By Keith Paul Bishop on June 25, 2012 in Corporate Governance

While I enjoy studying and thinking about game theory problems, I find that it is often difficult (at least for me) to apply it to “real world” corporate situations.  Defining the game, the rules and strategies just seems so much more complicated than the usual games discussed in basic game theory texts.  However, I’ve always thought that corporate voting should be a fertile field for game theorists.

Thus, I took note recently of what seemed to be a novel, if not extreme case of a “just say no” strategy.  Apartment Trust of America, Inc. is a Maryland corporation that describes itself as being in the business of acquiring, holding and managing apartment communities.  According to ATA’s proxy statement, the corporation has scheduled its annual meeting of stockholders for tomorrow for, among other things, the purpose of electing five directors.

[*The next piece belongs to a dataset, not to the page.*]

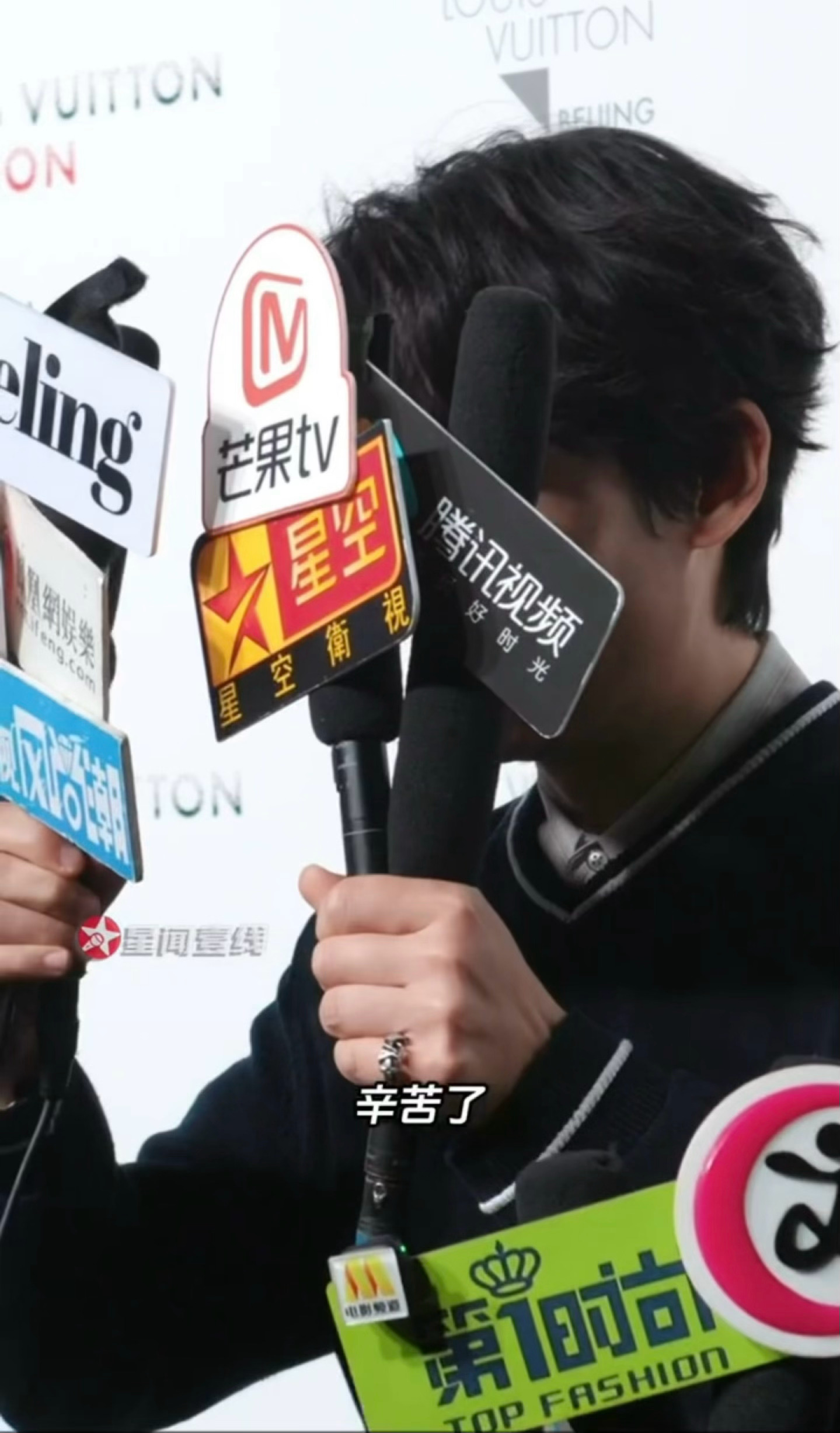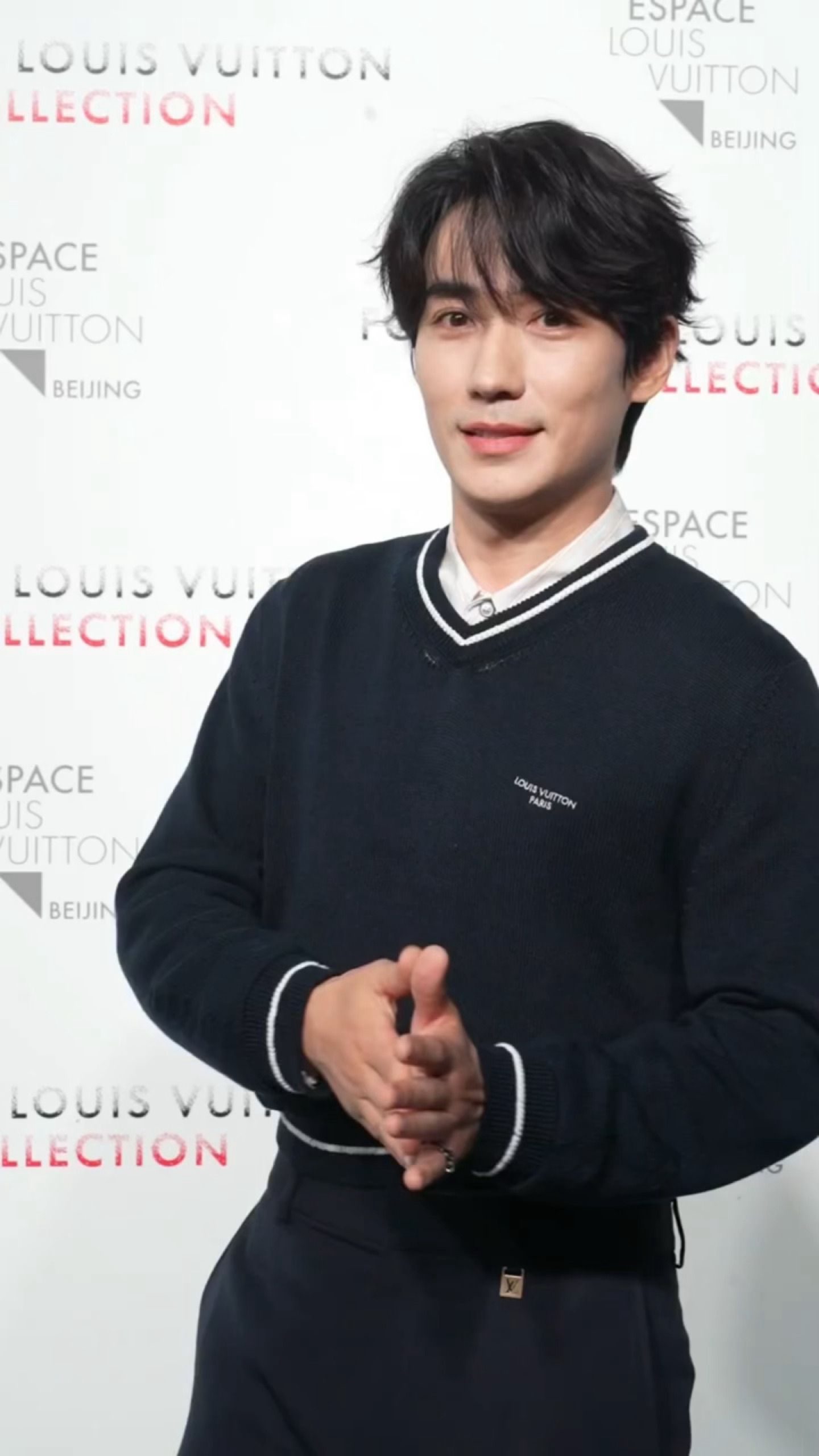 朱一龙北京lv活动路透 朱一龙听到麦举高一点调皮挡脸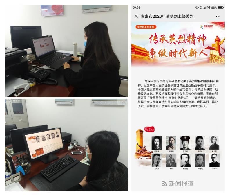 2020年清明节期间,值此全国各族人民共克时艰抗击疫情的关键时刻,为弘扬传统文化、传承红色基因,积极崇树崇尚英雄、缅怀英烈的良好风尚,不断增进热爱祖国、热爱人民、热爱中华民族的深厚情感,青岛市慈善事业发展服务中心党支部开展了“清明节铭记”网上缅怀革命先烈活动。

It turns out that another real estate company, Sovereign Capital Management Group, Inc., is unhappy with the management of ATA and last week announced that it had formed a committee to prevent the re-election of ATA’s directors.  Rather than proposing its own slate, Sovereign is pursuing a strategy of preventing the formation of a quorum.  According to these supplemental materials filed by ATA, Sovereign has issued a letter urging ATA’s stockholders to “block the Board’s attempt to re-elect themselves” by preventing the formation of a quorum. [ATA states that its quorum is 50% of the outstanding shares, rather than a majority.]  If Sovereign is successful, its victory may only be symbolic because according to ATA’s proxy materials directors serve until their successors are elected and qualified.

What a difference a single iota can make!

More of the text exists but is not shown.